Saved data entries:
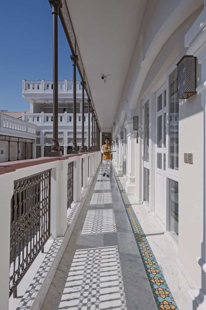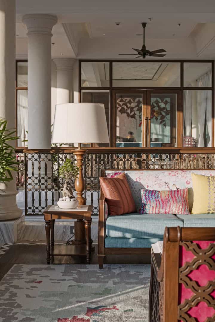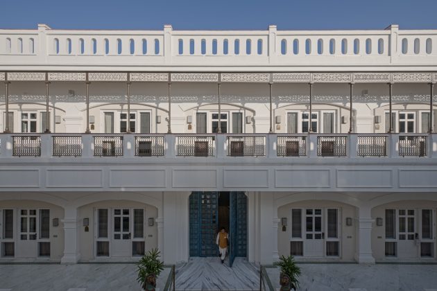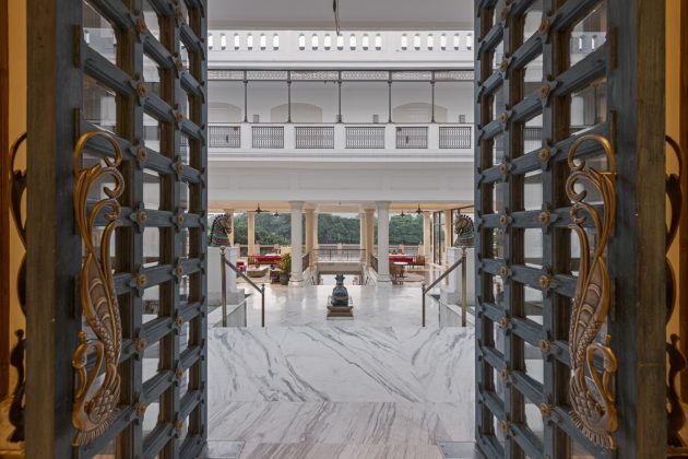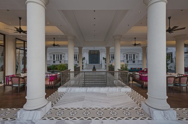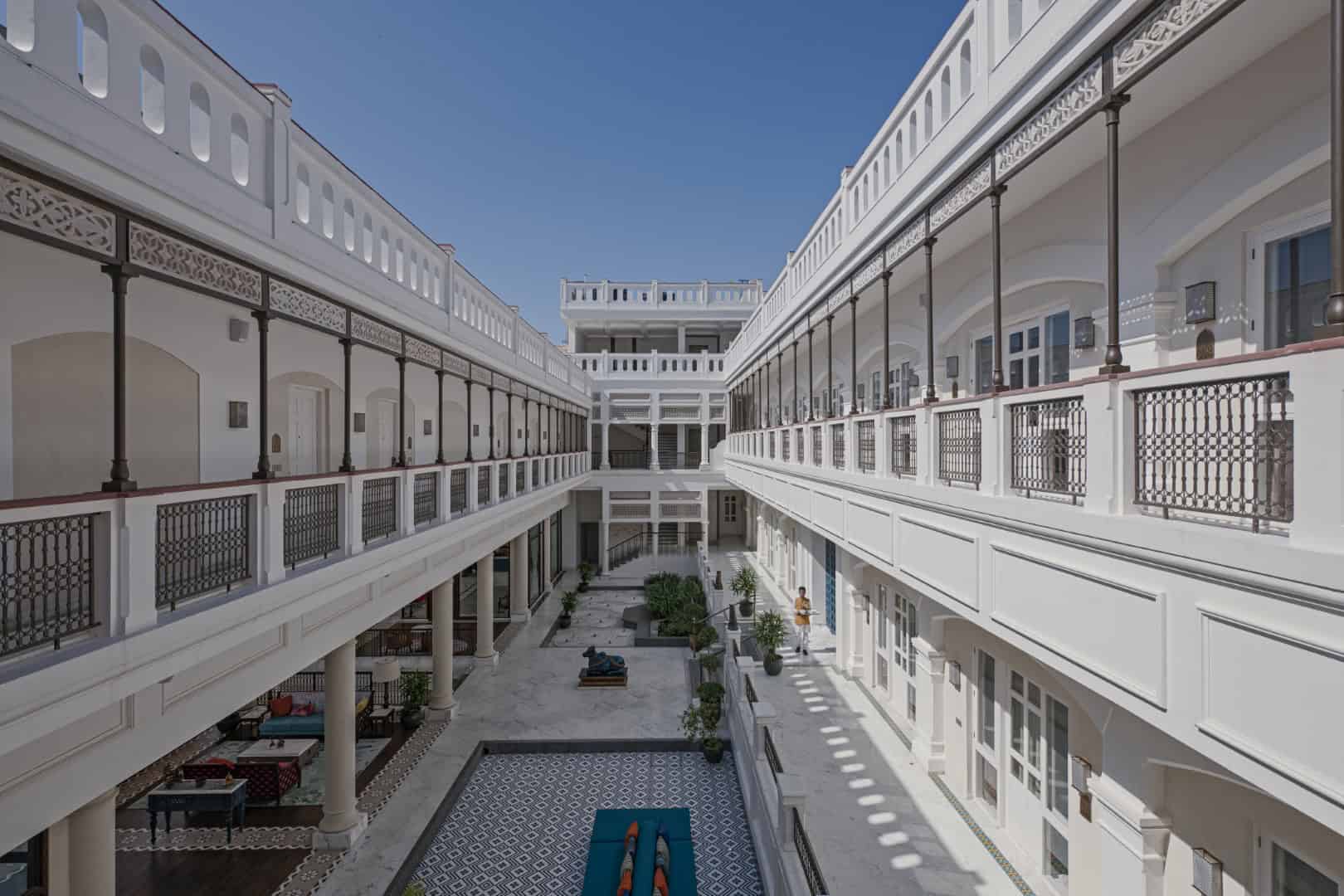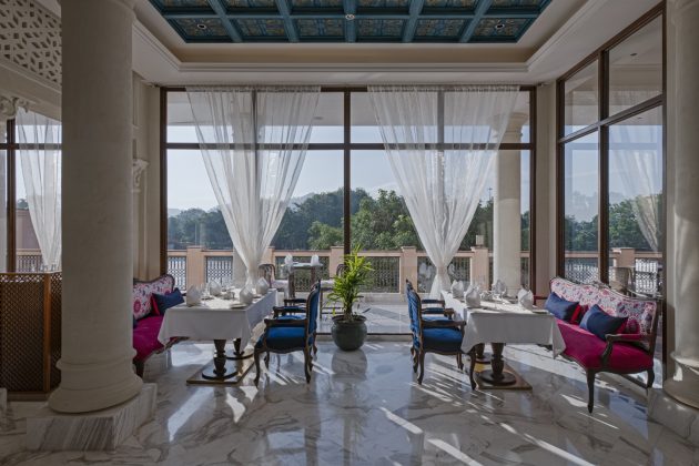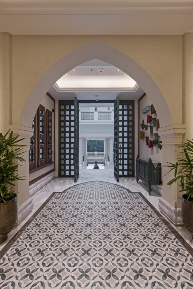 The hotel situated along the banks of the river Ganga was effectively divided into four sections: entry, courtyard, and lounge, and the dining are all leading toward the holy river. The entryway symbolizes Dharma. The large entry doorway is recreated to be exemplary of the original doors coated in antique blue of Neelkanth. The colours of Ganga and Neelkanth were instilled, reflecting through the doors and windows. The entryway ensured the guests could feel the energy between the two doors, where the ancient artefacts carry the memory and history of the haveli. The courtyard becomes the next space that guests enter emphasising the relationship to Artha. The courtyard provides an unobstructed view of the lounge and several rooms. Both the ceiling and flooring are adorned with intricate carvings. The view from this vestibule is unparalleled. The ripples of the coordinates can be seen in the design of the courtyard. The lounge is attached to the courtyard, which further leads to the holy river.
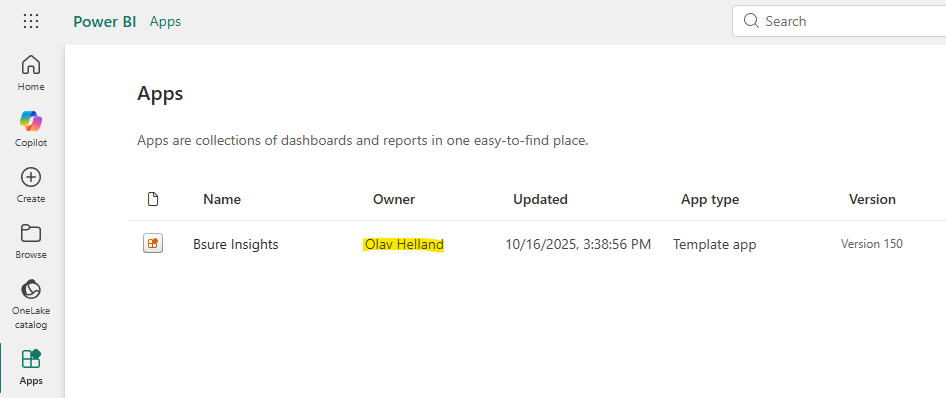 * Power BI app / workspace
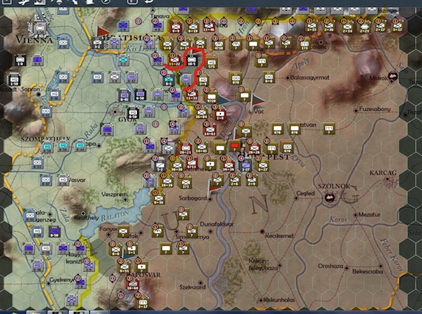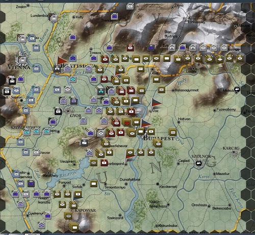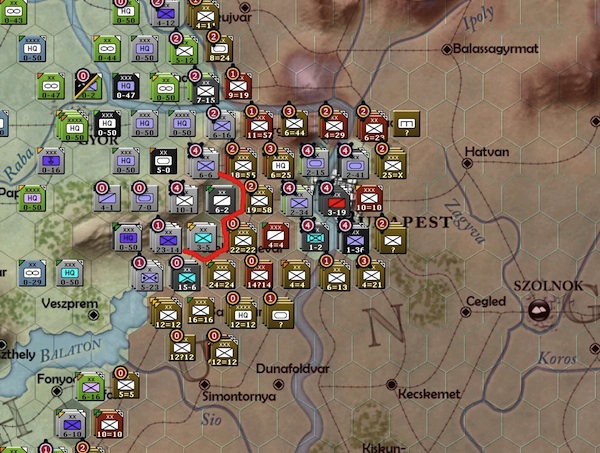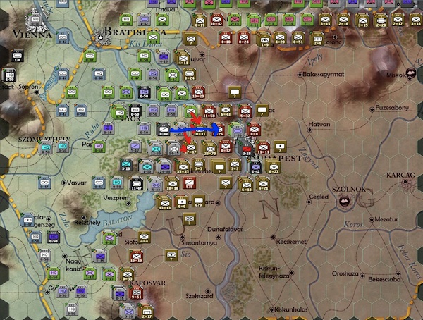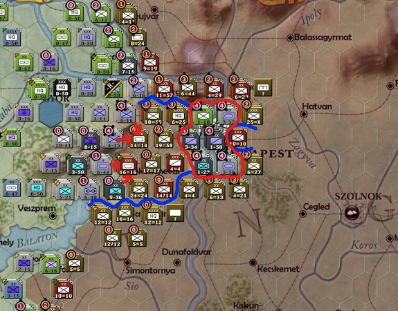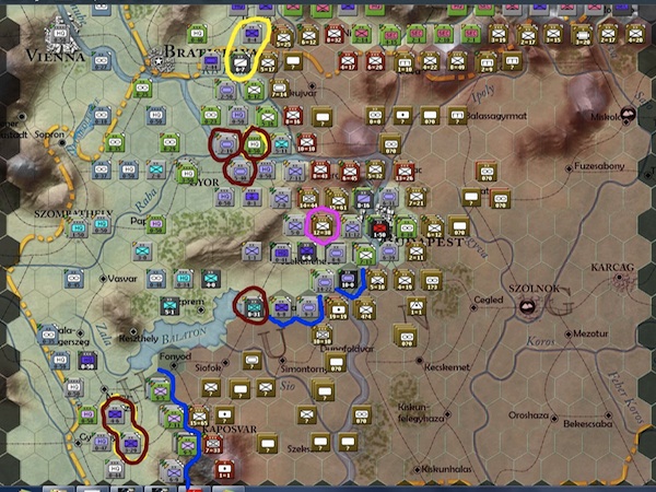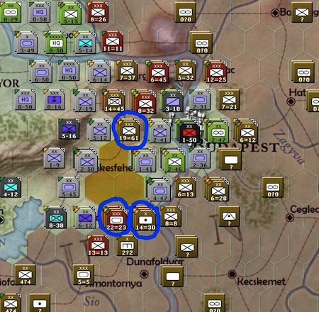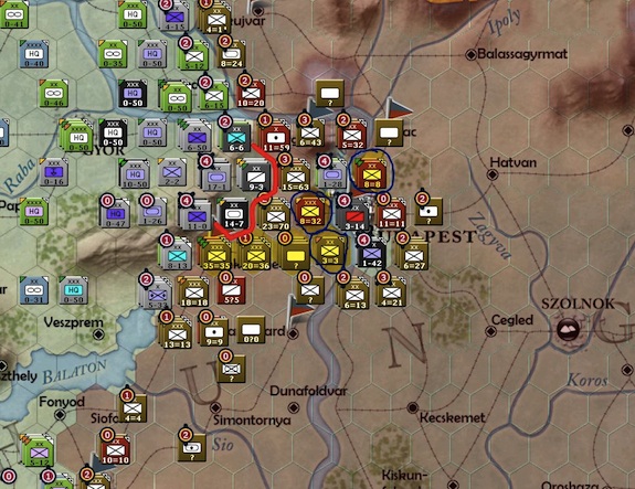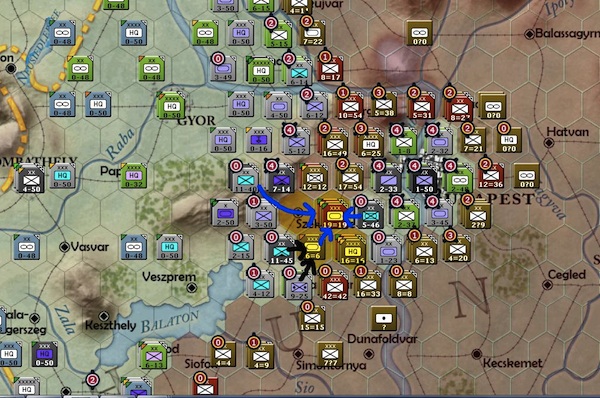 Three more hexes guarding the city of Budapest have fallen (blue circles). The soviets just have too many men guarding the approach to Budapest now. They will most likely breakthrough to the city on their next turn.
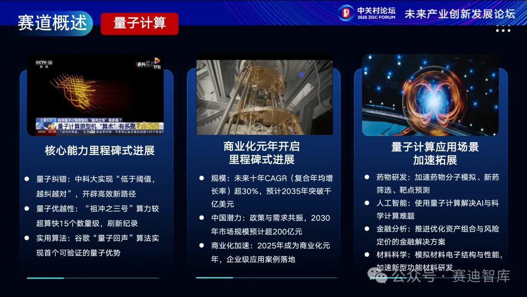 作为颠覆性前沿技术,量子计算迎来关键突破期。我国在量子纠错、量子优越性等核心领域取得里程碑式进展。商业化进程持续加快,未来十年市场规模年复合增长率超30%,预计2035年突破千亿美元。应用场景从药物研发、人工智能向金融分析、材料科学持续拓展。
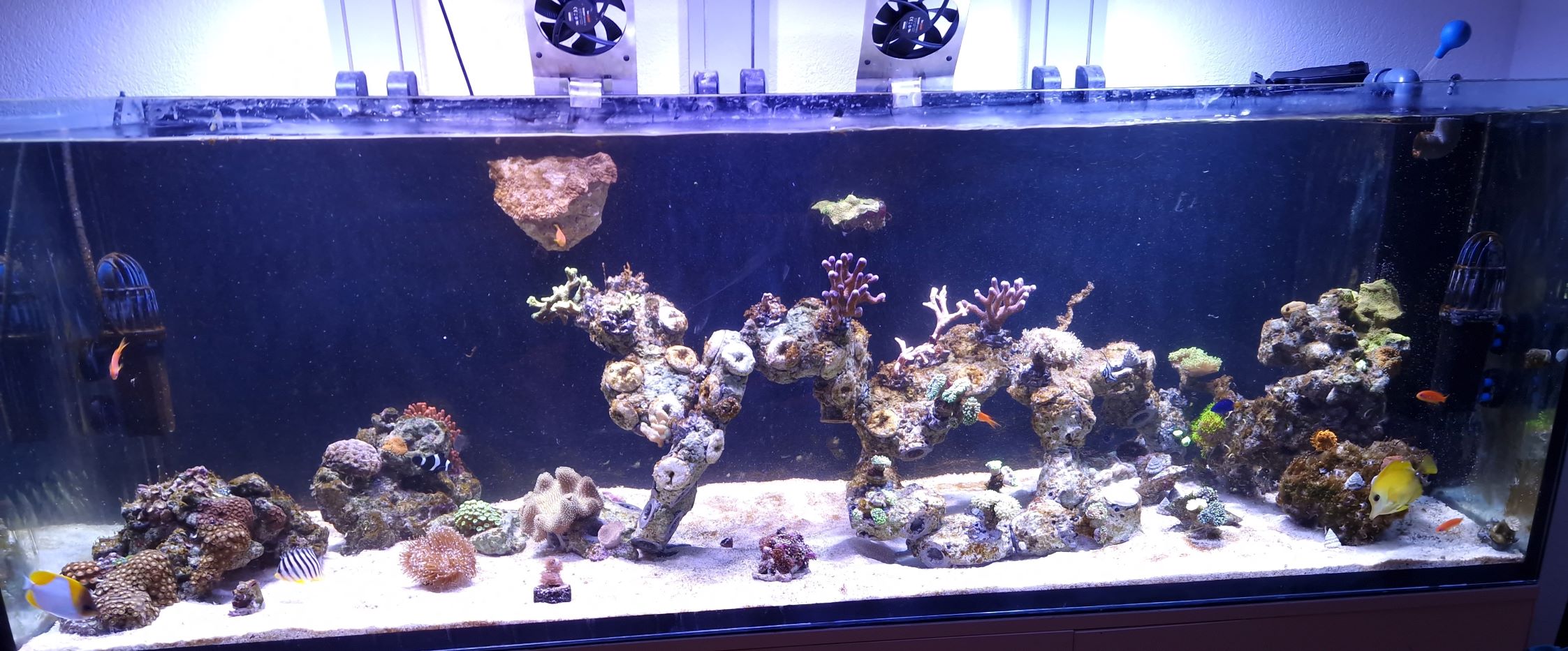 700 Liter Becken (siehe Foto) . Becken ist drei Monate alt . Habe leider mit einer falschen Lichteinstellung angefangen . Viel Zuviel UV und UV Violette also kurzwelliges Licht . Ist jetzt weg . Fahre im moment die schwächere der 2 Varianten . Habe im moment auch Dinoflagellaten, werden zum Glück schon wieder weniger . Sauge auch ab . Vielen Dank für eure Hilfe.
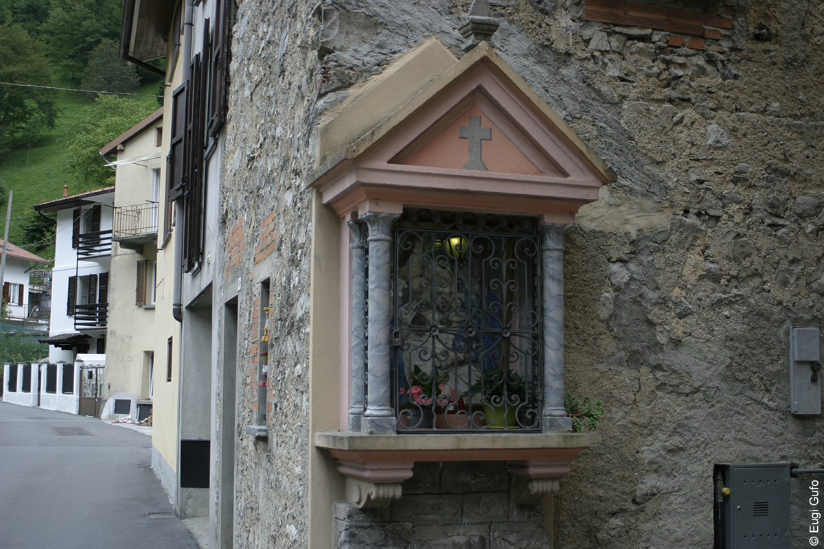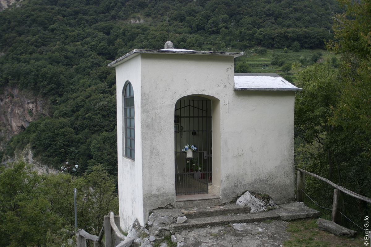 Dopo la piazzola con la cappella questo ramo del sentiero prosegue verso altre località, ma per ora non ci interessa: l’obiettivo rimane quello di arrivare a Erve.
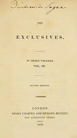 The Exclusives is an 1830 novel by the British writer Lady Charlotte Bury, originally published in three volumes. It is part of the then-popular genre of silver fork novels set in high society. It was also published in New York City by Harper the same year in two rather than three volumes. Although the daughter of a duke herself Bury, writing anonymously, used it as an expose of the manners and behaviour of the elite Ton.[1]
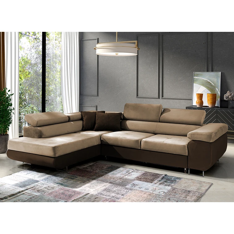 Rozkladacia rohová sedacia súprava 150 ETHAM Ľavá Hnedá/béžová
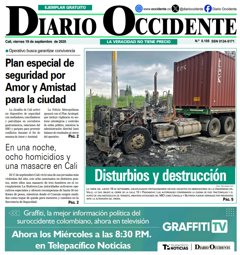 LA TARDE DEL JUEVES 18 DE SEPTIEMBRE, ENCAPUCHADOS PROTAGONIZARON HECHOS VIOLENTOS EN INMEDIACIONES DE LA UNIVERSIDAD DEL VALLE, LO QUE OBLIGÓ AL CIERRE DE LA CALLE 13 Y PASOANCHO. LAS AUTORIDADES CONFIRMARON LA QUEMA DE DOS TRACTOMULAS Y EL HURTO DE UNA MOTOCICLETA DE TRÁNSITO, MIENTRAS ESTACIONES DEL MIO COMO UNIVALLE Y BUITRERA FUERON CERRADAS POR PREVENCIÓN ANTE LA ALTERACIÓN DEL ORDEN.
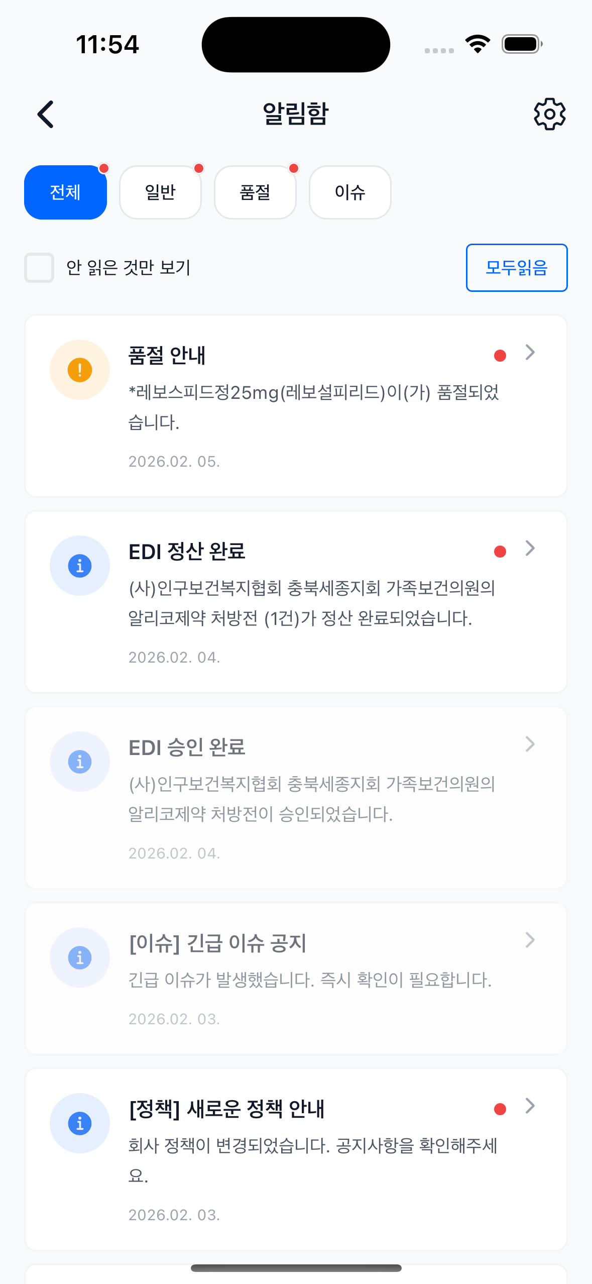 품절, EDI 정산, 이슈 등 카테고리별 알림을 통합 관리합니다.
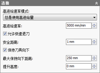 有时,您可能希望使用高进给移动而不是快速移动。在这些情况下,可以在“连接”选项卡中设置高进给速率模式。
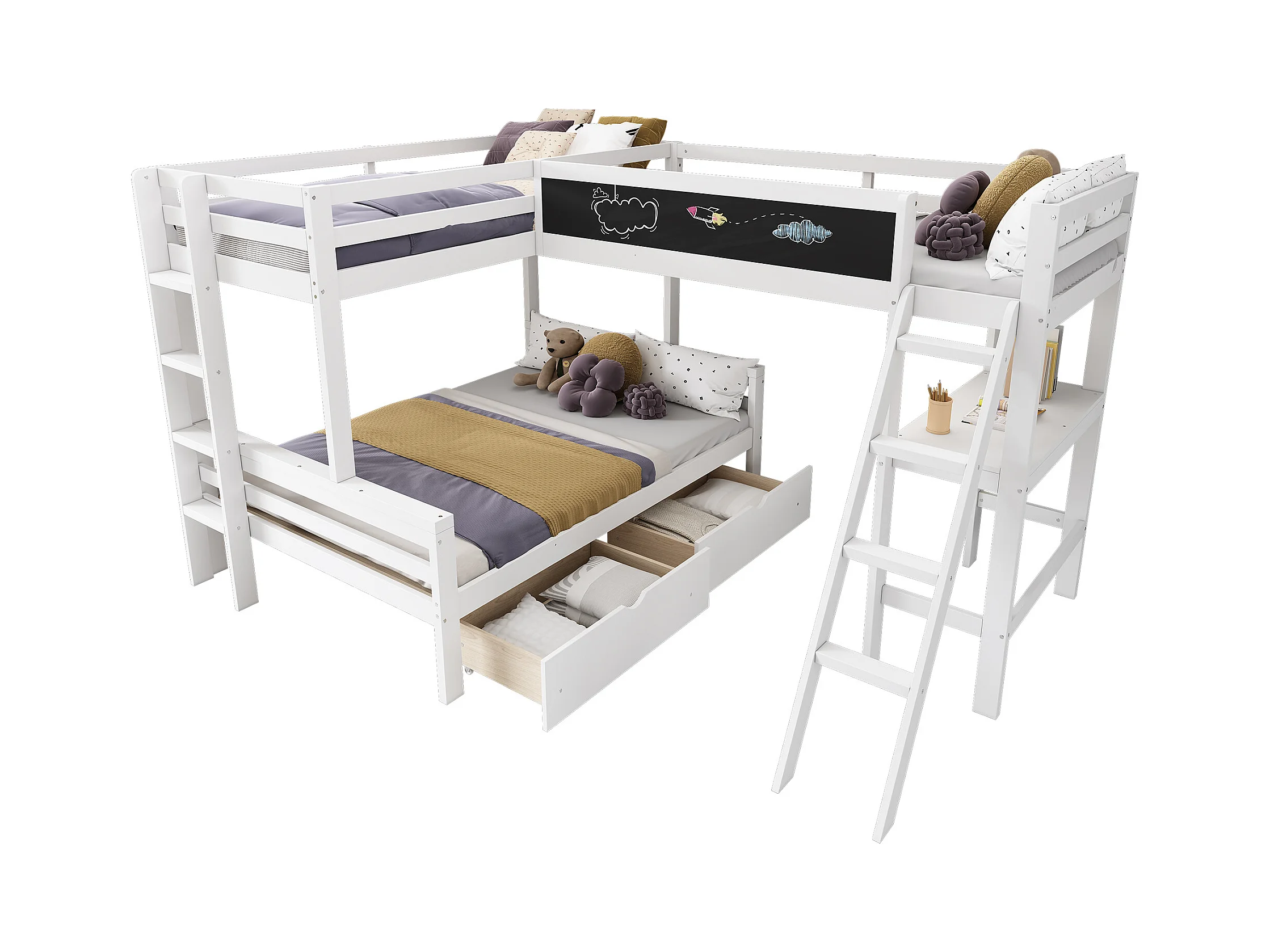 Lit superposé pour enfants avec tiroirs et bureau, lit triple en bois de pin, avec étagère, 140x200 cm1 + 90x200 cm2, blanc, sans matelas

» **Work to be completed**
When you reach the line containing "LA TARDE DEL" in the entries above, please retype it and each line after it through the last one, exactly, without the pictures.

» **Result**
 LA TARDE DEL JUEVES 18 DE SEPTIEMBRE, ENCAPUCHADOS PROTAGONIZARON HECHOS VIOLENTOS EN INMEDIACIONES DE LA UNIVERSIDAD DEL VALLE, LO QUE OBLIGÓ AL CIERRE DE LA CALLE 13 Y PASOANCHO. LAS AUTORIDADES CONFIRMARON LA QUEMA DE DOS TRACTOMULAS Y EL HURTO DE UNA MOTOCICLETA DE TRÁNSITO, MIENTRAS ESTACIONES DEL MIO COMO UNIVALLE Y BUITRERA FUERON CERRADAS POR PREVENCIÓN ANTE LA ALTERACIÓN DEL ORDEN.
 품절, EDI 정산, 이슈 등 카테고리별 알림을 통합 관리합니다.
 有时,您可能希望使用高进给移动而不是快速移动。在这些情况下,可以在“连接”选项卡中设置高进给速率模式。
 Lit superposé pour enfants avec tiroirs et bureau, lit triple en bois de pin, avec étagère, 140x200 cm1 + 90x200 cm2, blanc, sans matelas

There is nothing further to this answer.